The main plant also blow molds 4 million fuel tanks, oil tanks and other parts on four Bekum machines.
The second plant makes accessories, under a factory-in-a-factory concept. When Stihl opened the plant in 2006, the goal was to integrate all production for mowing heads for string trimmers in a single area. Twenty-seven all-electric Milacron Roboshot presses turn out 65 million parts a year. The defective parts per million is less than 100, and the scrap rate is less than 1 percent.
Magnetic mold platens allow technicians to change a mold in just 20 minutes.
So far, 20 injection molding presses are equipped with eDart systems from RJG Inc. The company uses gas-assisted molding, using sequential gating, most often to produce hollow handlebars.
The accessories plant also runs four Davis-Standard extruders producing trimmer line — 240,000 miles of line a year. Fully automated equipment winds the line onto spools — that Stihl molds from in-house scrap from the molding presses.
Stihl USA had been No. 1 in quality in the total Stihl Group for the past seven years, according to the company's submission for the award. The operation leads all locations for the least defective PPMs. All Stihl plants worldwide exchange information about operations. The company uses lots of analytical metrics to measure quality.
For plastic parts that go directly to the Virginia Beach assembly, the short feedback loop helps the plastics plants learn about and solve any problems quickly.
Employee training and retention is a huge issue for U.S. manufacturing these days. Stihl in Virginia Beach shines in that effort, with its German-style apprenticeship program, established way back in the early 1980s. This past September, Stihl USA became just the third company on the East Coast to gain German certification for its program.
The apprenticeships cover tool and die, CNC machining, maintenance, mechatronics — and polymer technologies.
The Virginia Beach operation is helping other local companies adopt the apprenticeship model.
One benefit: Employee turnover is just 6.3 percent at Virginia Beach. The average tenure is 9.5 years.
Stihl also gave lots of details about its recycling and energy saving efforts — resulting in a much better-than-average grade for the environmental performance category. For example, the operation works with a recycler that grinds plastic parts that contain steel, and the firm removes all metal and sends the plastic back to Stihl to be blended back into regrind. That will reduce waste by 640,000 pounds, officials said.
The operation buys only all-electric presses for new machines under 330 tons, and hybrids for larger presses.
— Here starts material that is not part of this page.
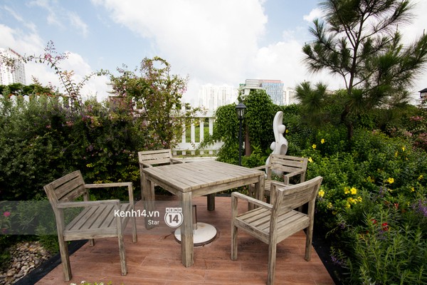 Có hẳn một bộ bàn ghế giữa khu vườn dành cho khách hàn huyên.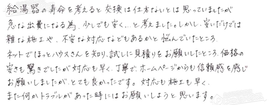 安さも驚きでしたが対応も早く、丁寧でホームページからも信頼感を感じ

Today Stihl USA runs 37 all-electrics, saving 950,000 kilowatt hours
Six small windmills generate electricity for the factories.
Stihl also excels at industry/public service. Stihl USA is a member of MAPP and the SPI. Most of its engineers are members of the Society of Plastics Engineers
Of course, the company donates time, money and chainsaws to the forestry and conservation sectors. A Stihl cycling team participates in the Stihl tour des Trees, which raises $3,500 for urban trees and education.
And Stihl donates chainsaws for clearing trees after disasters and storms.